Jailbreak (LLM)
An LLM jailbreak is a user-supplied prompt that bypasses the safety training of the model itself, getting it to produce content it was tuned to refuse. Distinct from prompt injection, which targets the host application.
A jailbreak in the context of a large language model is a prompt crafted to bypass the model's own safety training and produce content the model was tuned to refuse — for example, detailed instructions for harmful activity, disallowed persona play, or output that violates the provider's usage policy. The term is borrowed from the smartphone-modding community, where it referred to removing vendor restrictions on a device. Jailbreaks are user-driven: the attacker is the one talking to the model, and the target is the model's alignment layer. Common categories include role-play framings, hypothetical or fictional wrappers, obfuscation via encoding or translation, and multi-turn pressure tactics. New jailbreaks tend to surface continuously as models are updated. Jailbreaks are often confused with Prompt Injection in LLM Systems, but the two attack classes are different.
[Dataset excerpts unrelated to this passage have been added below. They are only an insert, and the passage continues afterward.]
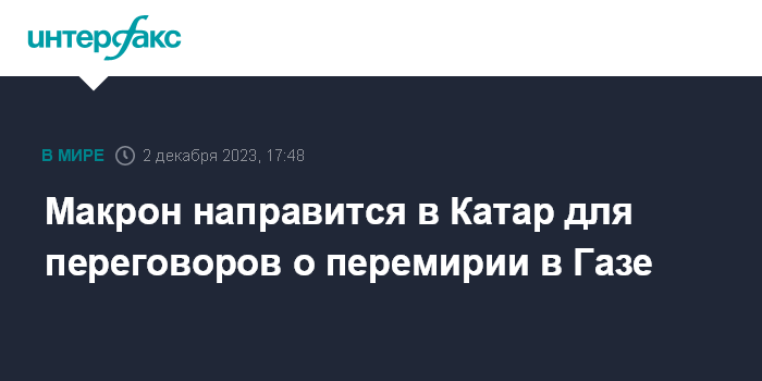Москва. 2 декабря. INTERFAX.RU - Президент Франции Эммануэль Макрон заявил в субботу, что направится в Катар, чтобы принять там участие в переговорах о новом перемирии в секторе Газа.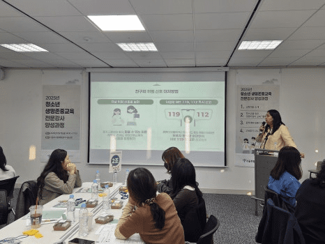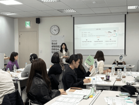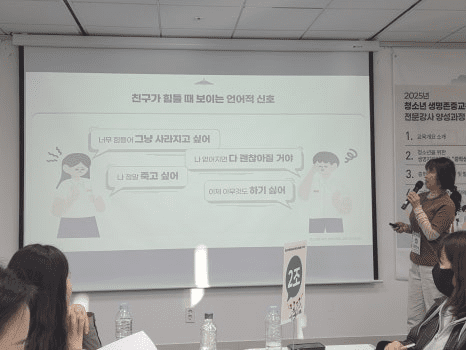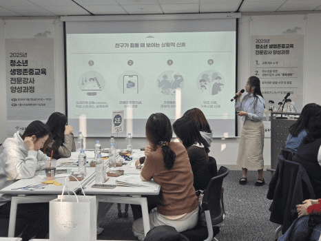 참여자들은 도입-전개-정리 구조에 맞춰 청소년 생명지킴이 교육 강의를 시연하고, 발표를 통해 학생 대상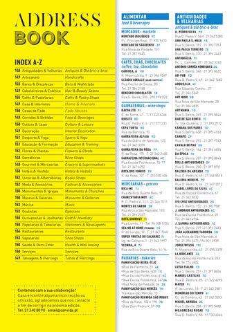Contamos com a sua colaboração ! Caso encontre alguma incorrecção ou omissão, agradecemos que nos contacte a fim de corrigir na próxima edição. Tel. 21 340 80 90 · email@convida.pt 148 · CON VIDA VIDA BAIRRO ALTO & PRÍNCIPE REAL ADDRESS BOOK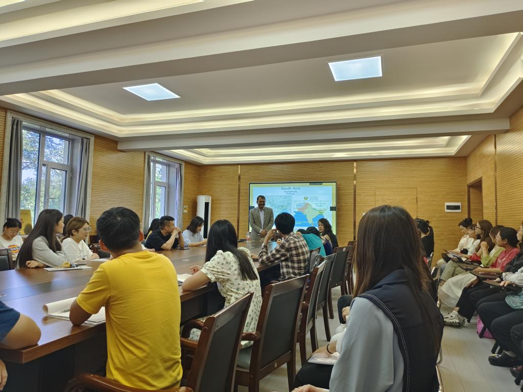 Uddhab Pyakurel首先介绍了南亚地区包括尼泊尔、印度、巴基斯坦、孟加拉国、不丹等国家的基本情况,从地理特征、热点时事、语言体系以及多元文化的比较研究等角度切入,讲解了南亚政治、文化的多样性对其社会和政策的影响,Uddhab着重分析了尼泊尔社会制度、社会结构划分和面临的现实问题,与在场师生分享了自己对南亚社会研究的成果。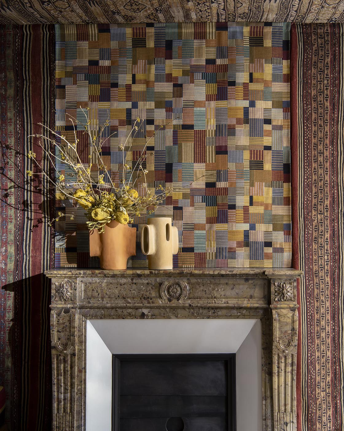SOUK est un charmant patchwork rayé aux tonalités chaudes et terreuses et à la main épaisse et dense.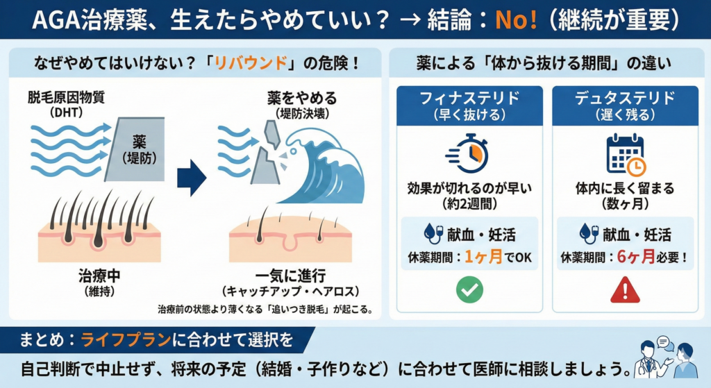 AGA治療薬のやめ時と、薬による「期間」の違い
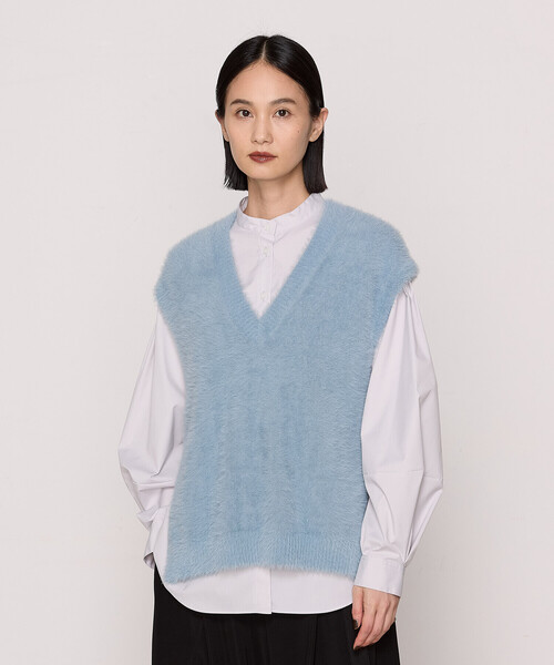 《デザイン》イタリアの最上級フェザーヤーンを使用した、今年はニューデザインのニットベストとなっております。前身頃はリッチな毛足を楽しむ天竺編み×深めのVネック、後ろ身頃はフリンジの様なジャカード編み×ラウンドネックのデザインです。前後どちらでも着られるので、インするアイテムに合わせてコーディネートが楽しめます。《素材》<マイクロナイロンフェザー>イタリア[PINOLI社]が開発した、マイクロナイロンを使用した長い毛足が特長のフェザーモールです。鮮やかな発色と上品な光沢感があり、非常に柔らかく肌触りが良いのが特長です。<バソランウールブレンド>防縮加工したウール糸とアクリルを混紡した、柔らかく、しわになりにくいイージーケア素材です。《注意事項》多少縮むことがありますが、手洗い後に形を整えてから日陰で平干ししてください。ハンガーに掛けたまま保管しますと自重による伸びが発生しますので避けて下さい。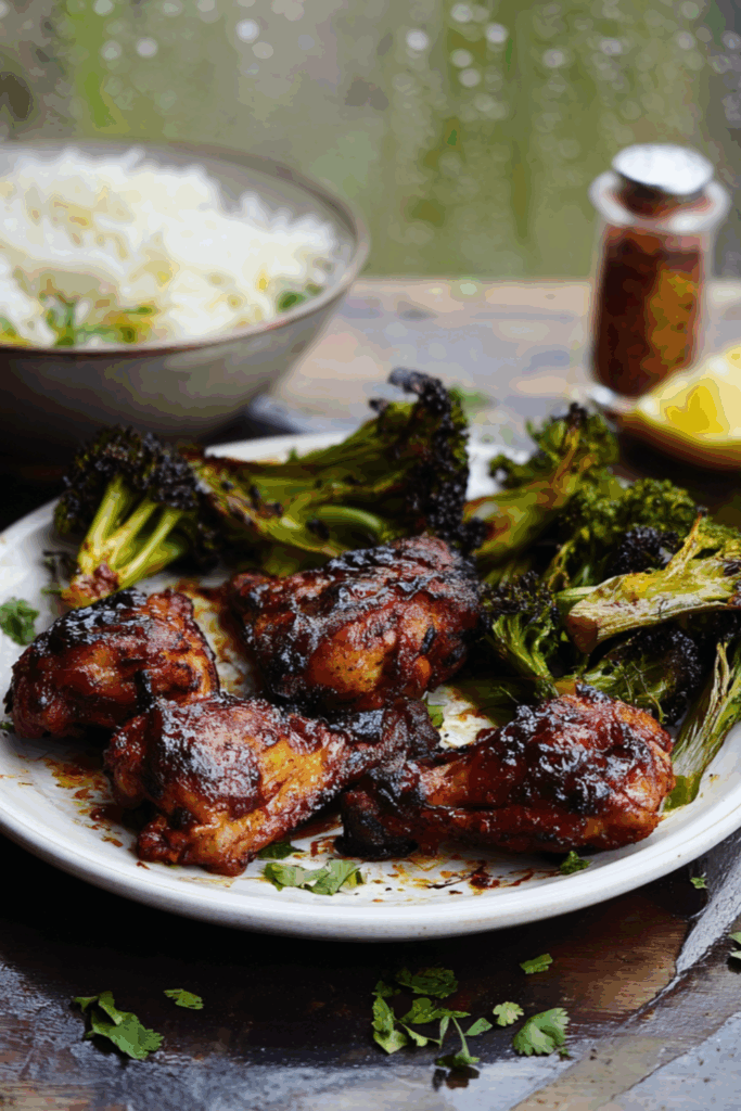 I usually throw this together the night before, tuck it in the fridge, and dream about it all day. By the time it hits the oven, the marinade’s worked its way right into every corner of the chicken, and the house starts to smell like I’ve opened a tiny takeaway out of my kitchen. The broccoli gets roasted until it’s got those little crispy bits — trust me, you won’t miss the naan if you don’t have any. But also, like… have naan.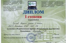 7 апреля 2017г. в г.Нижнекамск на базе МБОУ "СОШ №10 с УИОП" прошел Республиканский турнир "Компьютерная грамотность", по итогам которого Дипломом 1 степени был награжден ученик 2 класса МБОУ "Тюгеевская ООШ" Еремеев К., руководитель - Назмиева А.Ш. Поздравляем!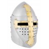 Rekonstruktion eines Typs von Großhelm, der ab dem 13. Jahrhundert von aragonesischen Rittern verwendet wurde. Es gibt Belege für die Verwendung dieses Helmtyps während der aragonesischen Eroberung des Königreichs Mallorca im Jahr 1231, möglicherweise eingeführt aus anderen europäischen Reichen (David Nicolle, Medieval Warfare Sourcebook, Bd. I). Die christlichen Heere übernahmen diesen Helmtyp relativ früh, da er trotz eingeschränkter Sicht und erschwerter Atmung einen guten Schutz für den Kopf bot. Er gilt als Vorläufer der weiterentwickelten Helme (Celadas), die gegen Ende des Mittelalters aufkamen.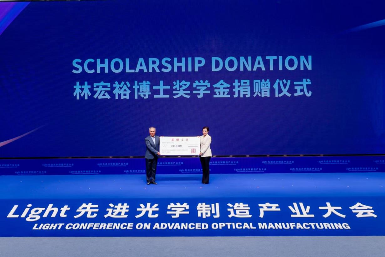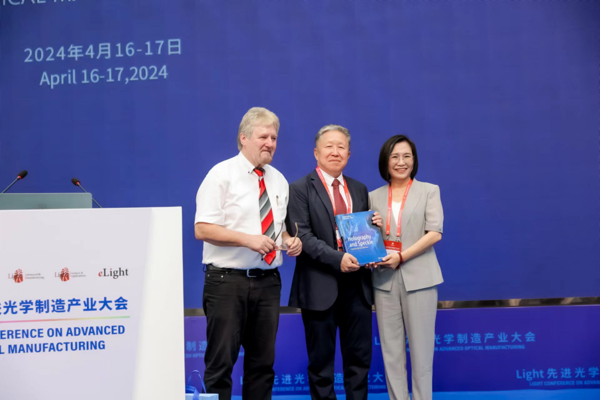 本次大會涵蓋了光學制造、光學檢測、產業技術等多個領域,主題突出,內容豐富,形式多樣,包括重要領導致辭、院士學術報告、產業主旨報告、簽約儀式、圓桌會議、主題報告等,同時設有三個平行專題研討會,全面交流和探討光學制造產業的最新動態和前沿技術。大會于4月16日下午正式開幕,由上海光機所研究員、Light:Advanced Manufacturing(簡稱LAM)編委蘇榕主持,英國皇家工程院院士、哈德斯菲爾德大學教授蔣向前,德國斯圖加特大學教授、LAM主編Wolfgang Osten,如皋市市委書記何益軍,中國工程院院士、長春光機所所長張學軍,上海交通大學副校長朱新遠,霖鼎光學董事長任明俊分別致開幕辭。Wolfgang Osten教授以全息專刊寶典獻禮原科技部副部長、季華實驗室理事長/主任、Light榮譽主編、LAM主編曹健林和長春光機所副總師、Light品牌創始人、Light執行主編白雨虹,場面溫馨而動容。張學軍、斯圖加特大學Rainer Gadow 教授、美國穆爾納米技術公司Matt Davies博士圍繞超精密非球面和自由光學拋光等先后做了大會學術報告。如皋市市長王鳴昊向參會代表介紹了如皋市取得的重要產業成果,并希望廣大參會者來此洽談合作、共謀發展。會議期間舉辦了霖鼎光學如皋產業基地建成慶典,至此,歷時3年、總投資20億元的如皋首個“雙飛地”孵化項目正式落地。此外,林宏裕博士向如皋市高級技工學校霖鼎光學產業學院捐贈獎學金100萬元。

Prompt injection is an application-level vulnerability where untrusted data carries instructions into a developer's prompt; jailbreaks are a model-level vulnerability where the legitimate user is the adversary. Defenses also differ: model providers harden against jailbreaks through RLHF, red-team training, and refusal classifiers, while prompt injection is mitigated at the application layer through capability constraints, dual-LLM architectures, and least-privilege design.